Susan teaches gender studies, politics, and sociology at Monash University, with a special focus on Muslim women and Muslims in Australia. She received a scholarship to do her PhD in politics and sociology, looking at the way Western Muslim women fight sexism within their own traditions and communities.
In 2004, she was named Australian Muslim of the Year. Susan is also listed as one of the international ‘Muslim Leaders of Tomorrow’ by the UN Alliance of Civilisations. She is the co-creator of the Victorian Convert Support Service, and has managed the Islamic Council of Victoria’s youth wing, Grassroots.
In 2003, she gave the International Women’s Day address at Parliament House in Victoria. She has also spoken at Chatham House in London, the Muslim Professionals Forum in Malaysia, and has been a panelist for Issues Deliberation Australia, a public policy think-tank.

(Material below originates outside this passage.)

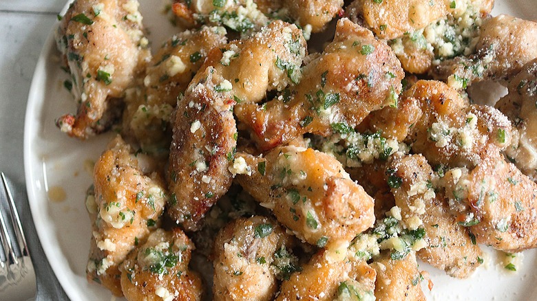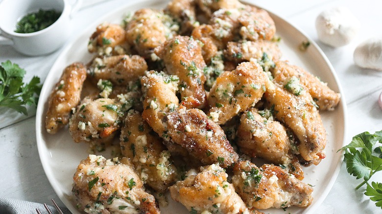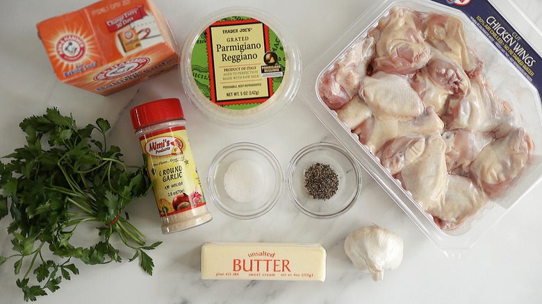 Unsurprisingly, the most important ingredient in this recipe is chicken wings, and you will need three pounds of them. In addition, you will need baking powder, kosher salt, garlic powder, black pepper, unsalted butter, minced garlic, chopped parsley, and grated Parmigiano Reggiano cheese.

Yasmin Abdel-Magied attained a Bachelor of Engineering (Mechanical) from the University of Queensland in 2011, receiving First Class Honours. She was a member of the board of Queensland Museum from 2008 – 2012 and is currently an ambassador for the museum. In August 2011, she was appointed to the Council for Multicultural Australia. She was part of the organising committee for the 2014 G20 Summit in Brisbane. In November 2014, she became a board member of ChildFund Australia.
In November 2015, she was appointed to the board of directors of OurWatch, an organisation for the prevention of domestic violence. In October 2016 the ABC program Australia Wide was recommissioned and is now presented by Abdel-Magied. In 2016, she was named an academic fellow of Trinity College in the University of Melbourne. She is currently a member of the board of the Council for Australian-Arab Relations. and a director of Youth Without Borders.
In 2016 the Australian Department of Foreign Affairs and Trade (DFAT), sent Abdel-Magied to the Middle East to promote Australia. She visited Riyadh Saudi Arabia, Abu Dhabi UAE, Dubai UAE, Doha Qatar, Kuwait, Jordan, Ramallah Palestine, Israel, Cairo Egypt and Sudan.
Abdel-Magied was named as one of the Australian Financial Review’s 100 Women of Influence 2012. She was awarded Young Australian of the Year for Queensland in 2015. She was named in the top 100 most influential engineers in Australia by Engineers Australia in 2015.
But maybe she’ll grow up to be a pretentious puppet of the IPA just like you Andrew, a champion of ignorance and bigotry, a conservative pretender and paid mouthpiece for corporate greed and pious hypocrisy.
Somehow I doubt it though, These women have already contributed a great deal more to our country than you ever have or ever will.